Albany Tax Deal: A Start, But Far From Done

 

Our Town, December 15, 2011


By Liz Krueger


In another whirlwind session in Albany, Gov. Andrew Cuomo pushed through a new tax plan that will generate $1.5 billion in much needed additional revenue for the state. I supported the plan because that revenue will make it easier to balance the budget without devastating cuts to education, health care and social services, and because it creates a more progressive tax structure than we would have if we did nothing. But there is also plenty to be critical of, both in terms of the minimal progressive reform to our tax structure and the record-breaking 26 minutes the Legislature and public had to review the contents of the package.


Most of the discussion of taxes in the last year or so has focused on extending some version of the high-income earner surcharge, or “Millionaires’ Tax,” which expires at the end of 2011. I supported extending this tax as necessary, recognizing that the hardship caused by our poor economic climate needs to be shared and that the burden is currently falling disproportionately on the poor and middle classes. But I have always believed there were better options, such as increasing the number of PIT tax brackets and indexing for inflation, which could generate revenue while creating a fairer tax structure.


While the package that was adopted last week uses the model of increasing the number of brackets as a means to promote progressivity, it does so in a particularly timid way and ends up being substantially less progressive than the expiring surcharge.


Under the new plan, while people making over $2 million will pay a rate of 8.82 percent, almost as large as the 8.97 percent they pay under the expiring millionaires’ tax, people making between $500,000 and $2 million will get a very substantial 1.14 percent decrease in their tax rate, which will revert to the previous top rate of 6.85 percent. At the same time, those making between $40,000 and $150,000 will see their tax rate decrease a mere .4 percent, to 6.45 percent. A truly progressive reform could have done a lot more for the middle class if it didn’t focus so much on protecting those making $500,000 or more.
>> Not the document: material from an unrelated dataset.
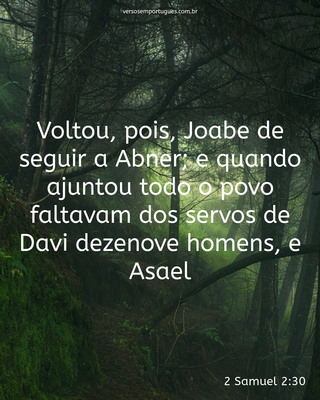 Voltou, pois, Joabe de seguir a Abner; e quando ajuntou todo o povo, faltavam dos servos de Davi dezenove homens, e Asael.
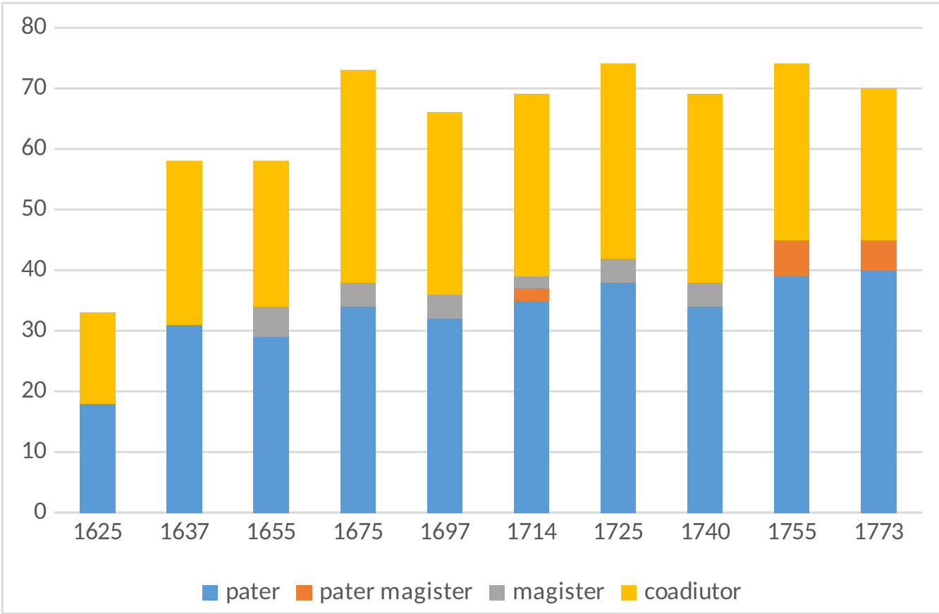Die Einnahmen des Professhauses spiegeln sich in seiner Größe wider: Im 18. Jahrhundert zählte es ständig mindestens 68–70 Mitglieder. Aber z.B. im Jahr 1711 hatte das Haus Schulden in Höhe von 5.900 Gulden, die ebenfalls durch Almosen zurückgezahlt wurden. Zeitweise gab es auch Schwierigkeiten bei der Versorgung von Gastmitgliedern (z.B. aus anderen Provinzen für kurze oder längere Aufenthalte).

Of course what we passed was better than the alternative of doing nothing. Then, when the millionaires’ tax expired, a single person making $20,000 or a couple making $40,000 would pay the same tax rate as people making 10, 20 or even 100 times more. Since the rich often have interest, dividend and capital gains income that is taxed at a lower rate, the actual tax rate paid by the very wealthy is often less than that paid by lower-income individuals.


Rushing through complex changes to tax policy at the request of the governor without allowing bills to age three days can make for bad policy, since things get done without the careful review of consequences, whether intended or unintended. I have long been critical of the use of messages of necessity to pass legislation—in fact, I sued the state over it a few years ago.


One issue that has already been raised is that the provisions in the same tax bill reducing payroll taxes dedicated for the MTA appear to have weakened “lockbox protections” for MTA funding passed into law earlier his year. While Governor Cuomo has stated he is committed to replacing the revenue the MTA will lose due to the reduction in the payroll tax, these changes may make it harder to enforce that commitment or even to know they have been violated.


While this package clearly doesn’t get everything right, it at least starts us down the road to fundamental reform of our tax system, something I have long advocated for. I also believe we need to go beyond simply looking at the income tax.


As chair of the Select Committee on Budget and Tax Reform for 2009-2010, I explored a variety of ideas about how to modernize personal income, sales and business taxes. While I believe that such changes can and should enhance state revenues, it is also clear that reforming our outdated tax structure could encourage economic development by creating a more transparent and equitable system that rewards models that increase living wage job creation and ends wasteful tax expenditures that create uneven playing fields for small and medium businesses while decreasing our tax base.


My goals for tax reform are two-fold. First, we need to ensure our tax structure is providing adequate revenue to support vital public services and that the burdens of taxes are equitably distributed. Second, we need to bring our tax structure into the 21st century and make sure that we use it to encourage economic development. This week, we took some steps toward these goals, but much remains to be done to created the modern, progressive tax system New York needs.